Biała i Strzała zdobywają księżyc cz. 5

Zdenerwowany Pirat skutecznie odepchnął Dinga. Ten zaś, nie spodziewając się ciosu, znalazł się wśród gałęzi żywopłotu. Potyczka została ostatecznie przerwana przez hycla, który pochwycił pozostałych jej uczestników. Szczekanie i warczenie walczących psów było słychać w całej okolicy. Na pewno rozdrażniło to ludzi mieszkających w pobliżu i ktoś postanowił wezwać hycla, który rozprawi się z hałaśliwymi zwierzętami. Piątka psów o szczur, zamknięta w dwóch klatkach wewnątrz samochodu hycla, pojechała w pewnym dla nich kierunku - do schroniska dla zwierząt. Biała, Strzała i Lenek znajdowali się w jednej klatce, natomiast banda kundli w drugiej. Nie przebyli zbyt długiej drogi, bo zamiast do schroniska, dotarli na peron skąd odjeżdżały pociągi towarowe.
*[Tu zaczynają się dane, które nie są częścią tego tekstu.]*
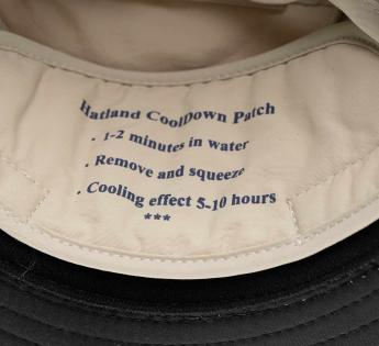 De afneembare verkoelingspatch is ongetwijfeld het slimste detail. Geactiveerd in water, verspreidt hij een langdurig verkoelend effect op het hoofd—bijzonder aangenaam tijdens blootgestelde tochten, lange wandelingen of op zeer warme dagen.

Zza uchylonych drzwi wozu ujrzeli tylko hycla otrzymującego zapłatę od mężczyzny w mundurze.
Następnie cała szóstka została przeniesiona z klatek do jednego z pociągów. Drzwi wagonu się zamknęły nie pozostawiając zwierzętom drogi powrotnej.
- Hej, szefie, jeśli się nie mylę to lecimy w kosmos! - zawołał uradowany Mula. - Mam rację?
- Przymknij się - uciszył go Pirat nie będąc taki zadowolony z tego zarządzenia losu.
- To jest szansa dla nas, możemy być sławni. - powiedziała Mula. - Wtedy nie będziemy już rządzić na naszej dzielnicy, ale na całym świecie - dodała.

13 kwietnia 2016

Biała i Strzała zdobywają księżyc cz. 4

Trójka przyjaciół, wraz z Dingiem, wyruszyła w poszukiwaniu drogi powrotnej do swojej dzielnicy. Bardzo długo krążyli bez żadnego skutku.
- To w końcu znasz tą drogę czy nie? - spytała zniecierpliwiona Strzała.
- Tak właściwie to - zaczął Dingo rozglądając się wokół. - ...nie - dokończył.
- W cyrku na pewno bardzo się o mnie martwią. O nie! - wrzasnęła Biała. - Dzisiaj miał być bardzo ważny pokaz. Przyjdą tłumy ludzi, a mnie nie będzie. Co oni zrobią? Będą na mnie wściekli - użalała się zmieszana chodząc w kółko.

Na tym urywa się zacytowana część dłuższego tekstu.